Certaines formulations autrement inoffensives peuvent aussi devenir négatives ou même faire peur pendant un accouchement. Dans cet article, une doula de Vancouver illustre que d'utiliser des négations lorsqu'on parle à une femme en travail peut nuire, même si nos intentions sont bonnes. Utiliser des phrases comme «N'aie pas peur, tu n'est pas en danger» peut venir titiller une femme en travail et elle n'entendra peut-être que les mots peur et danger, et pourrait commencer à se questionner. On pourrait remplacer la phrase précédente par: «Tu fais du bon travail, tout va bien, bravo».

L'idée ici n'est pas nécessairement de pointer des mots du doigt et de les éradiquer du langage autour de l'accouchement, mais de voir ce que les mots évoquent chez nous, et de choisir ceux avec lesquels nous sommes à l'aise. Certaines personnes aiment le mot contraction, parce que ça leur rappelle que l'utérus fait son travail, que c'est un puissant exercice qui permet à leur enfant de sortir.

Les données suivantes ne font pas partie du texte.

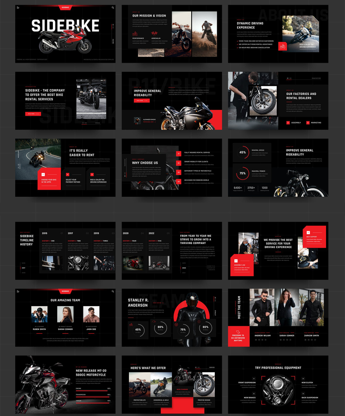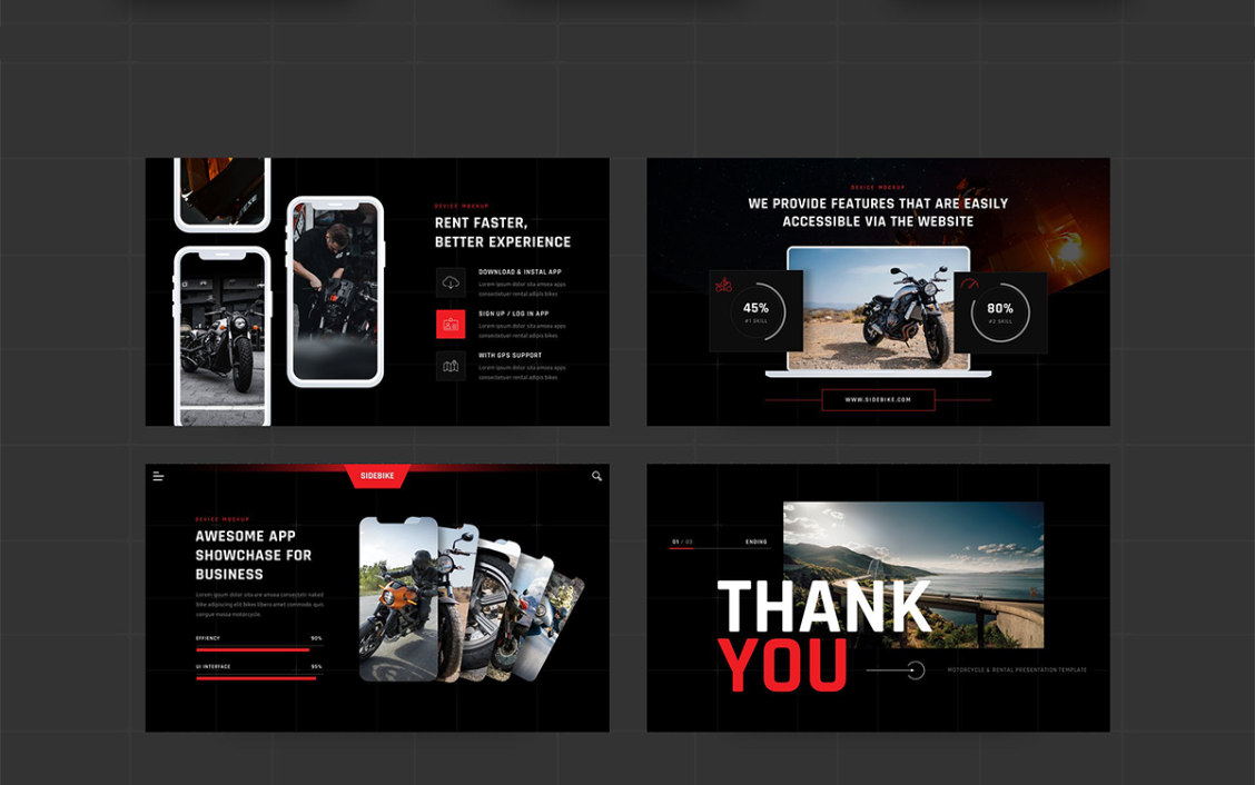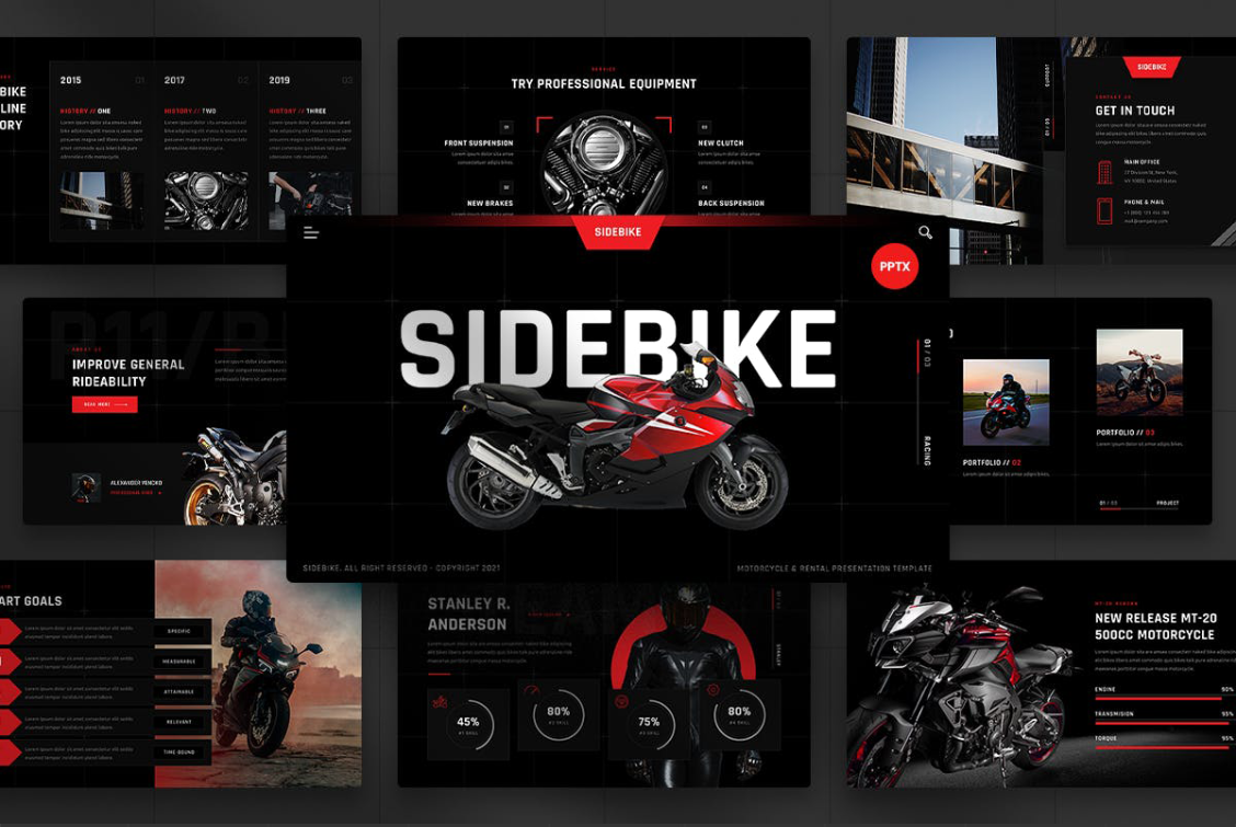 摩托车租赁服务幻灯片企业品牌推广介绍等PowerPoint演示模板 声明:本站所有资源版权均属于原作者所有,这里所提供资源均只能用于参考学习用,请勿直接商用。若由于商用引起版权纠纷,一切责任均由使用者承担。更多说明请参考 VIP介绍。

En terminant, tout ce remous de mots a titillé ma fibre poétique. J'ai donc décidé d'écrire un petit poème. Et de grâce, soyez indulgents, la dernière fois que j'ai composé un poème j'avais douze ans...


Alors qu'elle entamait sa nuit,
Une sensation nouvelle au ventre est ressentie

Le jour tant attendu 
Est-t-il enfin venu?

S'efforçant de les ignorer elle va se recoucher
Mais les vagues sont de plus en plus rapprochées

Elle chante, marche, et se balance,
L'on croirait qu'elle est en transe

Cet enfant ardemment désiré
Se révélera sans tarder au monde entier

Les précipitations se font plus intenses
Bientôt arrivera le terme de cette danse

Mais pour permettre à son bébé d'arriver
Elle devra apprendre à se laisser aller

À chaque onde, profondément elle inspire
Et sent le passage doucement s'ouvrir

Soudain une nouvelle intensité
Proclame le moment de pousser

Un dernier élan, une dernière pression
Et paraît enfin son nourrisson

Jamais elle n'oubliera le moment
Où pour la première fois elle posa les yeux sur son enfant

Par un beau matin d'été
Un nouveau-né nous a gratifiés de son arrivée

On ris, on chante, on pleure, on crie
C'est le miracle de la vie!

Voilà pour aujourd'hui! J'espère que vous avez apprécié mon petit spécial vocabulaire ainsi que mon poème!

À la prochaine!

Sources
CASSIDY, Tina, BIRTH- The surprising history of how we are born, Grove Press, New York, 2006, 312 pages. 
GASKIN, Ina May, Spiritual Midwifery, Book Publishing co., 2002, 480 pages.